» **WHAT NEEDS TO BE DONE**
Having located "浙江强基联盟2026年3月高三联考 化学.pdf" in the listing below, write out its line and every following line exactly, last line included, without the pictures.

» **INFORMATION PROVIDED**
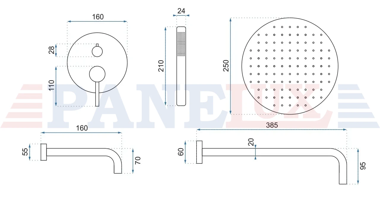 | W zestawie: | bateria podtynkowa, deszczownica, ramię do deszczownicy, wylewka, wąż 1500 mm, słuchawka, uchwyt na słuchawkę, maskownice |
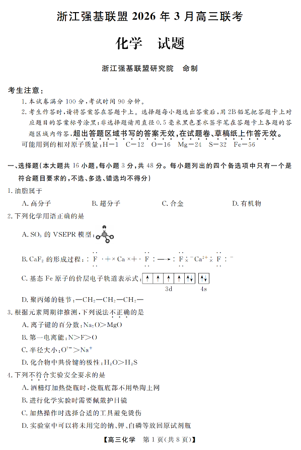 浙江强基联盟2026年3月高三联考 化学.pdf
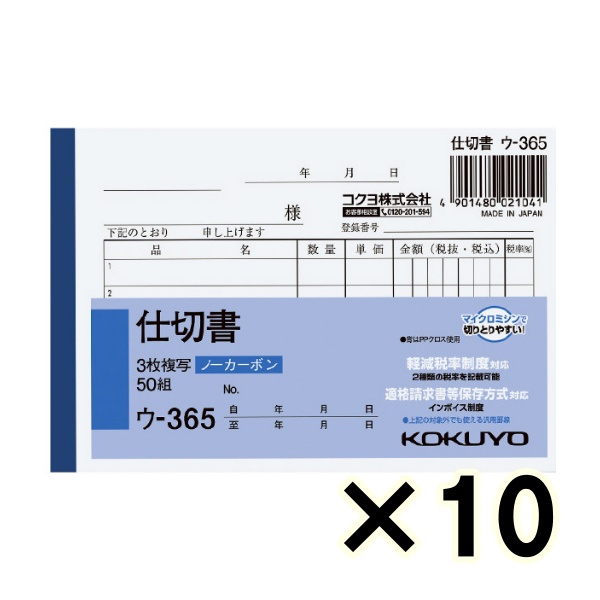 • (ケース販売)コクヨ ノーカーボン複写簿 3枚複写 仕切書 ウ-365 B7ヨコ型 5行 50組 10冊

» **TASK OUTPUT**
 浙江强基联盟2026年3月高三联考 化学.pdf
 • (ケース販売)コクヨ ノーカーボン複写簿 3枚複写 仕切書 ウ-365 B7ヨコ型 5行 50組 10冊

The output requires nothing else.